Quick Start¶
Instantiate a NumPy array, which holds the ground set \(V\):
[1]:
import numpy as np
import datetime
np.random.seed(42)
def timed(f, *args):
tStart = datetime.datetime.now()
res = f(*args)
tEnd = datetime.datetime.now()
return res, (tEnd - tStart).total_seconds()
N = 25000
d = 50
V = np.random.random((N, d))
We will now select a random subset \(S \subset V\) and evaluate its function value on the GPU using the ExemplarClustering
class provided by the exemcl
package:
[2]:
from exemcl import ExemplarClustering
S = np.take(V, np.random.choice(V.shape[0], size=5000, replace=False), axis=0)
exem = ExemplarClustering(ground_set=V, device="gpu")
fvalue = exem(S)
Change precision¶
It is also possible to change the required floating point precision to either half, single or double precision by adding the precision
parameter during construction and specifying fp16
, fp32
or fp64
, respectively:
[3]:
for fp in ["fp16", "fp32", "fp64"]:
exem = ExemplarClustering(ground_set=V, device="gpu", precision=fp)
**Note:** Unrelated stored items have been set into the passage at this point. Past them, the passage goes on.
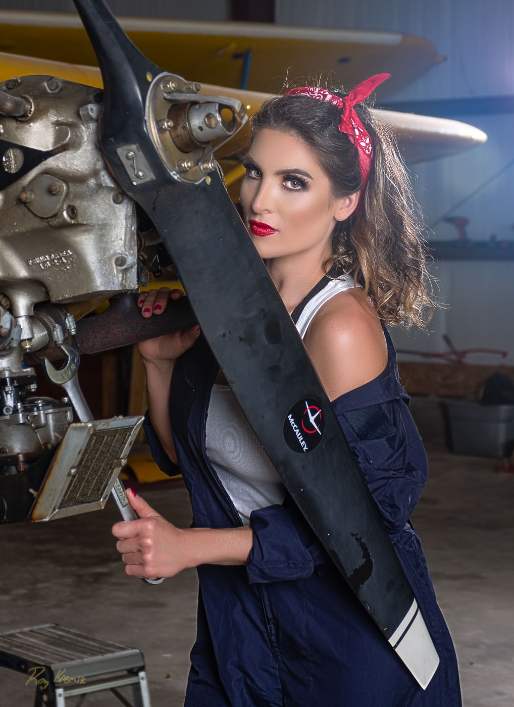 Pin-Up Power: Wings & Wrenches - She’s more than just a pretty face—she’s got grease on her hands and fire in her eyes. Where vintage engines hum and classic style reigns, she’s the heartbeat of the hangar.
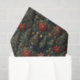 A design of decorated Christmas trees, with poinsettias, gold stars on the trees and snowflakes. The elements are raised to give a 3d effect. It looks like it has been home crafted by cutting out the elements and pasting them on paper. Interesting effect and design overall. Navy background with forest green trees, deep red for the poinsettias and gold for the stars and some baubles. A good fit for those who like floral and nature designs with a crafted handmade aesthetic.
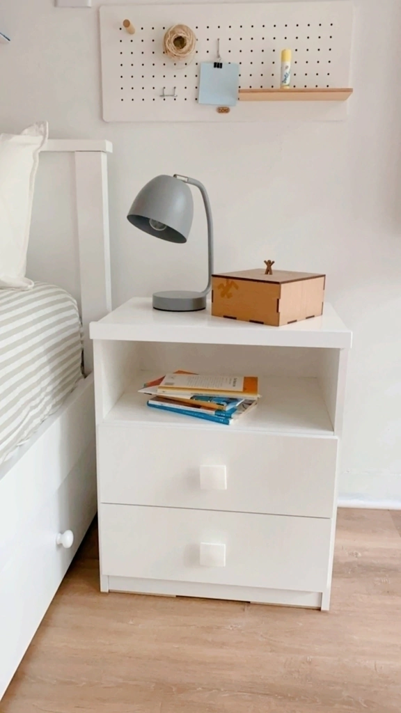 Mesa de luz India con 2 cajones y nicho de gurdado. Con su diseño de lineas rectas hecha en melamina
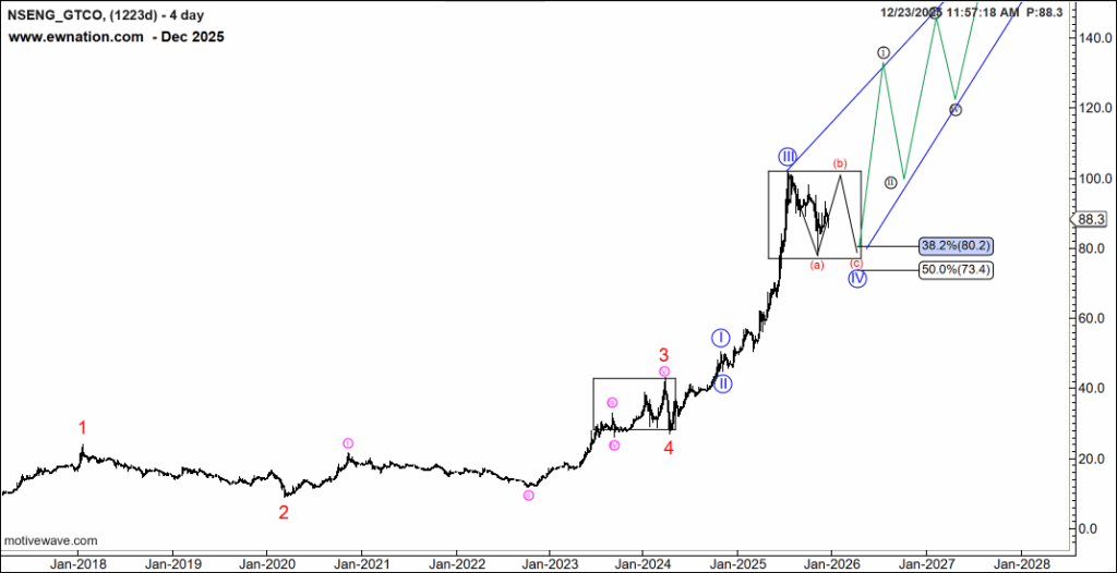 While in a sideways correction for wave 4,we anticipate the completion of wave B in three waves and wave c in five waves consistent with a potential flat correction. Target for wave 4 is 38.2 and 50% Fibonacci levels of wave 3.
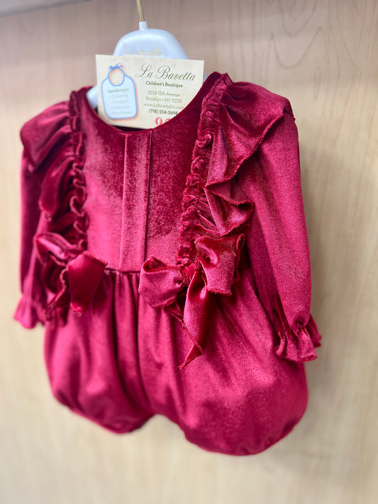 Elegant Red velour Ruffle Romper Made in Italy Bimbalo
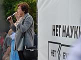 Митинг "За науку и образование" прошел на Суворовской площади. Плакат "Нет науки нет будущего". Главный редактор издательства "Новое литературное обозрение" Ирина Прохорова во время митинга.
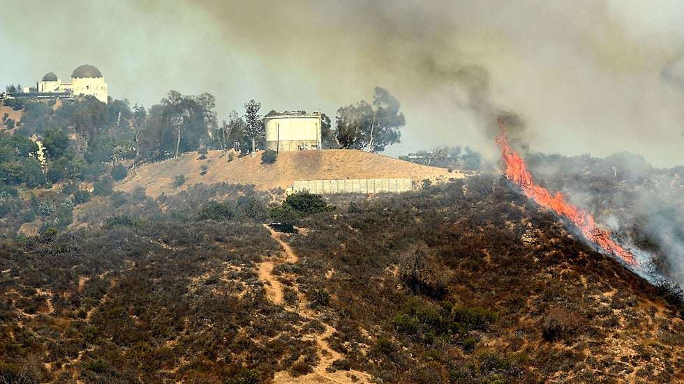 A wildfire burns in the Hollywood Hills on July 19, 2016 in Los Angeles, California.
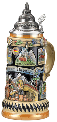 This .75L stein features scenes and icons of Bavaria, including: Oktoberfest beer hall and band, and Neuschwanstein castle. Top band of stein has raised-relief edelweiss, beer stein, Bavarian hat and more. Bottom band features the Bavarian flag diamond pattern.

fvalue, secs = timed(exem.__call__, S)
print(f"Function value ({fp}): {fvalue} (took {secs}s).")
Function value (fp16): 13.42227840423584 (took 0.166322s).
Function value (fp32): 13.4232816696167 (took 0.179814s).
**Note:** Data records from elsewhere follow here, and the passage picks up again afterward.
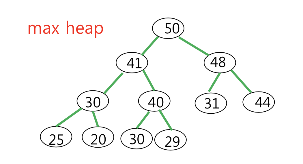 예를 들어서 생각해보자! 새로운 원소가 30이라면, 바로 저 자리에 넣으면 된다. 그러나 값이 49이면 넣을 수 없다. 그러므로 31을 검은색 위치에 넣고, 최대 힙이 되는지 본다. 여전히 안 된다. 그럼 48을 그 자리에 넣는다. 여전히 안된다. 51을 그 자리에 넣는다. 이제야 된다!
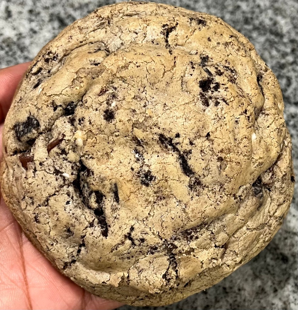 A thick, bakery-style cookie loaded with crushed Oreo pieces and creamy white chocolate throughout. Soft in the center with rich cookies-and-cream flavor in every bite.
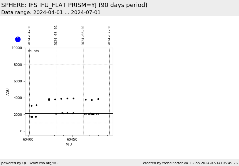 This plot shows the median counts collected with the IFU halogen lamp within DIT=1.6507260 sec
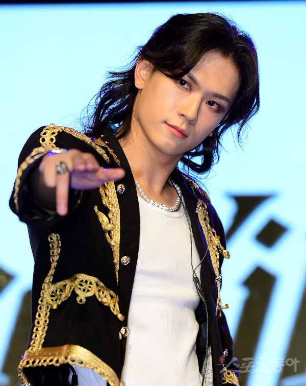 크랙실버(CraXilver) 첫 번째 미니 앨범 ‘Make A Dash’ 발매 기념 쇼케이스가 28일 오후 서울 마포구 서교동 홍대 롤링홀에서 열렸다. 크랙실버 Cyan가 카메라를 향해 포즈를 취하고 있다.
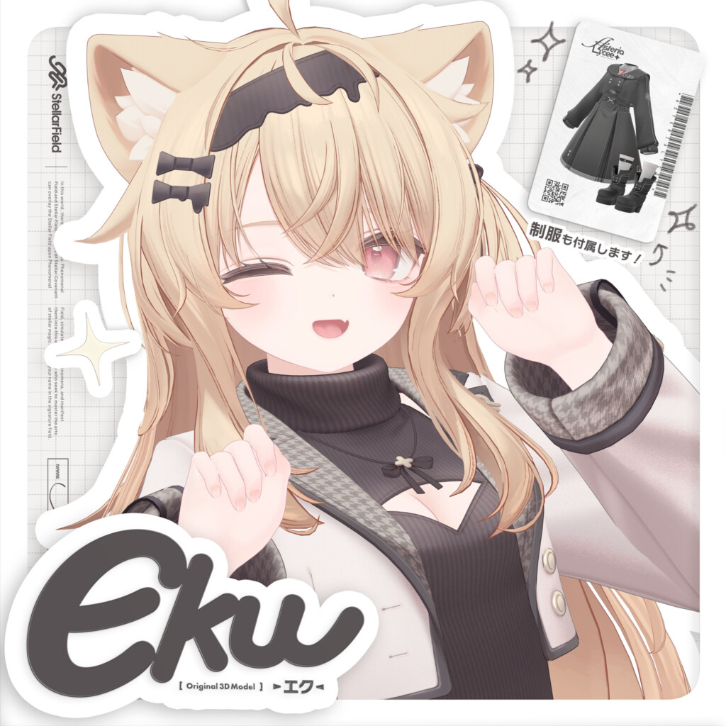 オリジナル3Dモデル「エク」は、10日10日よりBOOTHショップ「Sep-neko-ya」にて通常価格はPC版6000円、Mobile版4000円、PC版 & Mobile版セット8500円で発売されます。

Function value (fp64): 13.423275558060581 (took 3.023624s).
Multi-set evaluation¶
If you are using Exemplar-based clustering as target function for optimization, e.g. using the Greedy routine, you might want to evaluate more than one set per (optimization) step. We will now create a list of subsets, which we will evaluate for their function value:
[4]:
# Sample a set of 100 sets with 5000 vectors each, which should be evaluated for their function value.
S_multi = [np.take(V, np.random.choice(V.shape[0], size=5000, replace=False), axis=0) for _ in range(100)]
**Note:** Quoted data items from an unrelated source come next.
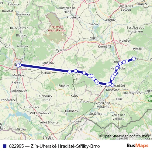 Click here to view the nearest 822995 - Zlín-Uherské Hradiště-Střílky-Brno bus stop.
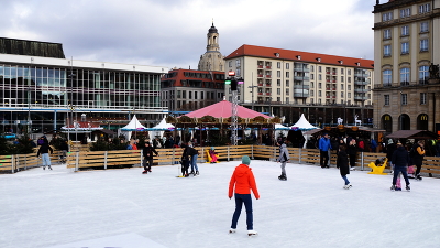 Каток на центральной площади Дрездена Альтмаркт. Конец января, на дворе +10.
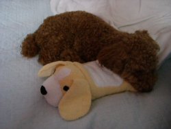 連休中にわたも連れて小旅行に行くつもりだったので、少し間隔が短かったんですが、トリミングしてもらいました。結局連休に引越しする事になり、旅行は中止になりましたが。(ちなみに、引越しといっても、同ビルの2階から6階に引っ越すだけです。今まで住居は6階で、母の事務所兼荷物置き場が2階だったのですが、6階のお隣が空いたので、2階を売って6階を買うことになりましたちっちゃいビルで、6階はうちだけになったので、廊下に人工芝を引いて、ミニミニドッグランを作ろうと計画中です~)今回のトリミングは、大満足可愛くしてもらえました~(▽)お顔は小顔テディで、体は短め。そしてわたあねのこだわりポイント「尻尾はボンボンに」とお願いしました。お疲れわた君は、私のベッドから降りないので、背景がちょっと悪いですが~ 尻尾はまだ長さが足りなかったので、中途半端なボンボンに。後一息かなせっかくなので、andyちゃんに挑戦して(笑)、おリボン付けてみましたハロッズに置いてありそうな縫いぐるみっぽい~赤いリボンもと思ったら・・・もう限界このまま眠っちゃいました~

exem = ExemplarClustering(ground_set=V)
fvalues, secs = timed(exem.__call__, S_multi)
print(f"{len(fvalues)} function values found (took {secs}s).")
100 function values found (took 10.662428s).
Alternatively, you might have some fixed set \(S\) and you are looking for marginal gains resulting from marginal elements \(E = \left\lbrace e_1, ..., e_n \right\rbrace\).
[5]:
# Sample a set of 100 vectors, which with S should be evaluated for their respective marginal function values.
e_multi = [np.take(V, np.random.choice(V.shape[0], size=1, replace=False), axis=0).flatten() for _ in range(100)]
exem = ExemplarClustering(ground_set=V)
marginals, secs = timed(exem.__call__, S, e_multi)
print(f"{len(marginals)} marginal function values found (took {secs}s).")
100 marginal function values found (took 10.44639s).
CPU computation¶
You might be also interested in using a CPU-only version of this algorithm. In this case you can simply replace device=gpu
with device=cpu
. Please keep in mind, that FP16 operation is not available for CPU devices.
[6]:
for fp in ["fp32", "fp64"]:
exem = ExemplarClustering(ground_set=V, device="cpu", precision=fp)
fvalue, secs = timed(exem.__call__, S)
print(f"Function value ({fp}): {fvalue} (took {secs}s).")
Function value (fp32): 13.423282623291016 (took 2.068594s).
Function value (fp64): 13.423275558060581 (took 2.436802s).